A dataset with traces for all services
A dataset with app logs for all services
A dataset with frontend web vitals
A dataset with infrastructure logs
A dataset with security logs
A dataset with CI logs

If you look for a specific event in a distributed system, you are likely to know its signal type but not the related service. By splitting data into different datasets using the approach above, you can find data easily.

Separate by service

Another common practice is to separate datasets by service. This approach allows for easier access control management. For example, you might separate engineering services with datasets like kubernetes, billing, or vpn, or include events from your wider company collectors like product-analytics, security-logs, or marketing-attribution. This separation enables teams to focus on their relevant data and simplifies querying within a specific domain. It also works well with Axiom’s role-based access control feature as you can restrict access to sensitive datasets to those who need it.

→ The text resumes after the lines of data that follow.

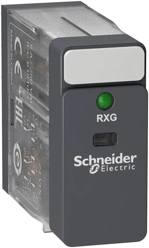 Interfacerelä med två växlande kontakter. IP40-klassificerad.
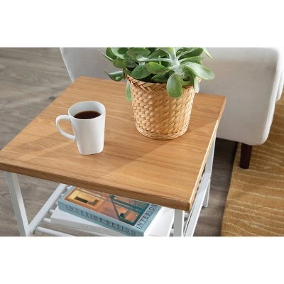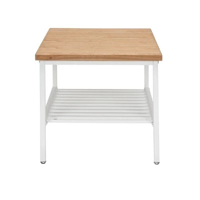The 161 Collection blends mid century modern and industrial modern styles with current design trends to create timeless pieces that will seamlessly complement any decor. The OFM 161 Collection Industrial Modern Wood Top/Metal Frame Side Table with Metal Shelf provides industrial modern styling with multi-application functionality perfect for living rooms, bedrooms, recreational spaces, lobbies, and reception areas. This end table can double as a nightstand with its metal run shelf that provides a convenient space to store miscellaneous items. Assembly is quick and easy and the materials make cleaning simple. The accent table features adjustable leveling floor glides to help account for uneven flooring. The end table measures 19.7″ D x 19.7″ W x 17.7″ H holds up to 200 lb of weight, has a full BIFMA rating, and is covered by our 5 Year Limited Lifetime Warranty.
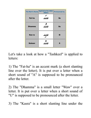 1) Arabic uses vowel marks called tashkeel to distinguish between long and short vowels in words. Tashkeel include fat-ha, dhamma, kasra, and sukoon marks above or below letters.
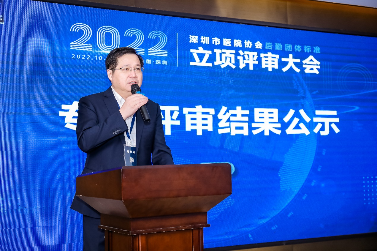 市医院协会后勤管理分会秘书何敬远对深圳市医院协会团体标准工作程序进行了详细说明,并主持了四项标准提案的立项评审。
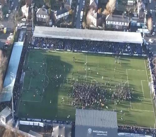 故事的起点,是废墟上的重建。2020年9月,拥有146年历史的老牌球队麦克斯菲尔德镇因债务危机宣告破产解散,这座以丝绸产业闻名的小镇,足球信仰一度崩塌。幸运的是,企业家罗伯特·斯梅瑟斯特在一个月后收购了主场莫斯罗斯球场及剩余资产,于10月13日创立了麦克斯菲尔德足球俱乐部,延续了“丝人”的昵称与小镇的足球血脉。从第九级别联赛起步,这支重生的球队用4年时间完成三级跳,2024-25赛季以北部超级联赛冠军身份升入英议北,站在了第六级别联赛的舞台上。

While separating by service is beneficial, avoid over-segmentation. Creating a dataset for every microservice or function can lead to unnecessary complexity and management overhead. Instead, group related services or functions into logical datasets that align with your organizational structure or major system components.When you work with OpenTelemetry trace data, keep all spans of a given trace in the same dataset. To investigate spans for different services, don’t send them to different datasets. Instead, keep the spans in the same dataset and filter on the service.name field. For more information, see Send OpenTelemetry data to Axiom.

Avoid the “kitchen sink”

While it might seem convenient to send all events to a single dataset, this “kitchen sink” approach is generally not advisable for several reasons:

Field count explosion: As you add more event types to a single dataset, the number of fields grows rapidly. This can make it harder to understand the structure of your data and impacts query performance.
Query inefficiency: With a large, mixed dataset, queries often require multiple filters to isolate the relevant data. This is tedious, but without those filters, queries take longer to execute since they scan through more irrelevant data.
Schema conflicts: Different event types may have conflicting field names or data types, leading to unnecessary type coercion at query time.
Access management: With all data in one dataset, it becomes challenging to provide granular access controls. You might end up giving users access to more data than they need.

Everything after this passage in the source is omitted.